The article says “the ecological budget on which all life and consequently the human economy depend is already in dramatic deficit.” Why is this budget more important than the fiscal budget? The author claims that September 23, 2008 was Earth Overshoot Day. The period after Sept 23rd represents the time the human population causes an ecological deficit, using up the earth faster than the earth can regenerate. Every year Earth Overshoot Day comes earlier. This moving date tells the story of a global environment rapidly losing its ability to support life; accelerating climate change, the loss of species, the proliferation of ocean dead zones, diminishing fresh water resources.
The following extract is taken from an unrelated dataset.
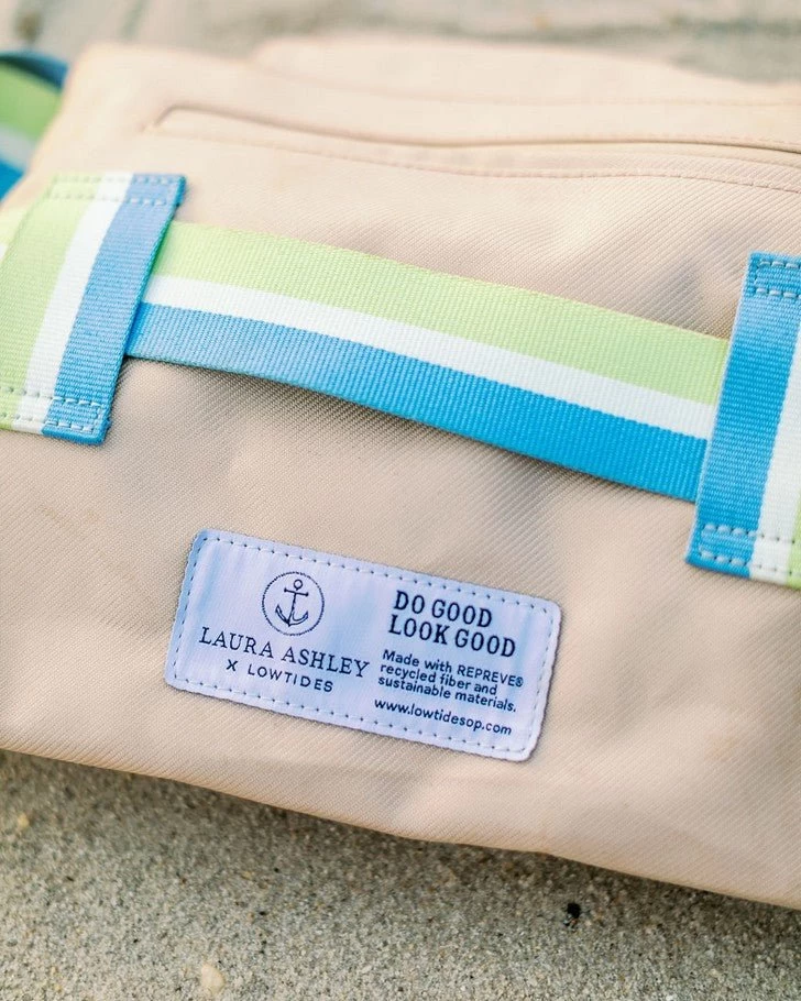 Be beach to dinner ready with the Laura Ashley x LowTides Multipurpose Beachpac. Connects to Dune High Beach Chair and made from 100% REPREVE material, this perfect hands-free bag attaches to the side of your LowTides ocean-saving beach chair for easy access all day long. After the sun, this stylish bag doubles as a waist pack or crossbody so you can stay hands-free as you head to happy hour! Thoughtfully designed with water sealant zippers and magnetic closers, keep your valuables dry, safe, and sand free, in any of the 4 pockets.

All these are indications of a harsh reality we avoid facing; that the global environment is rapidly losing its ability to support life, our life, all life.

This is heavy stuff but Lent is about heavy stuff, repentance, changing our mindsets and attitudes. If we are willing to use Lent as a time to take a serious look at the health and wholeness of our relationships then this is one relationship that needs our attention – our relationship with all living creatures that share the earth with us. We can use Lent to examine our life styles, the way we consume, the way we waste, the way we litter. Because of the economic crisis touching so many nations, including our own, people are going to have to make changes in the way they live their lives. Because of the ecological deficit facing the globe we are all going to have to look at the way we live upon the earth. We do this not because we have to but because we want to. We want to heal our relationships with every living creature that share earth with us.

Think on this: our daily small actions multiplied by millions are having a devastating effect on the planet, but by the same token our daily positive actions multiplied by millions can have a healing effect on the planet. Two examples: think of how things have changed since people became more and more aware of the ill effects of smoking. Think of how things have changed since Loblaw’s started charging for plastic bags. Little things, but little things have a powerful impact.

As we continue to celebrate this Mass we can pray for ourselves and for each other that we all be blessed with the gift of repentance, a desire to change the way we think of and relate to God’s good creation. May we make our own this native prayer; Gracious God, give us hearts to understand; never to take from creation’s beauty more than we give; never to destroy wantonly for the furtherance of greed; never to deny to give our hands for the building of earth’s beauty; never to take from her what we cannot use. Give us hearts to understand that to destroy earth’s music is to create confusion; that to wreck her appearance is to blind us to beauty; that to callously pollute her fragrance it to make a house of stench; that as we care for her, she will care for us.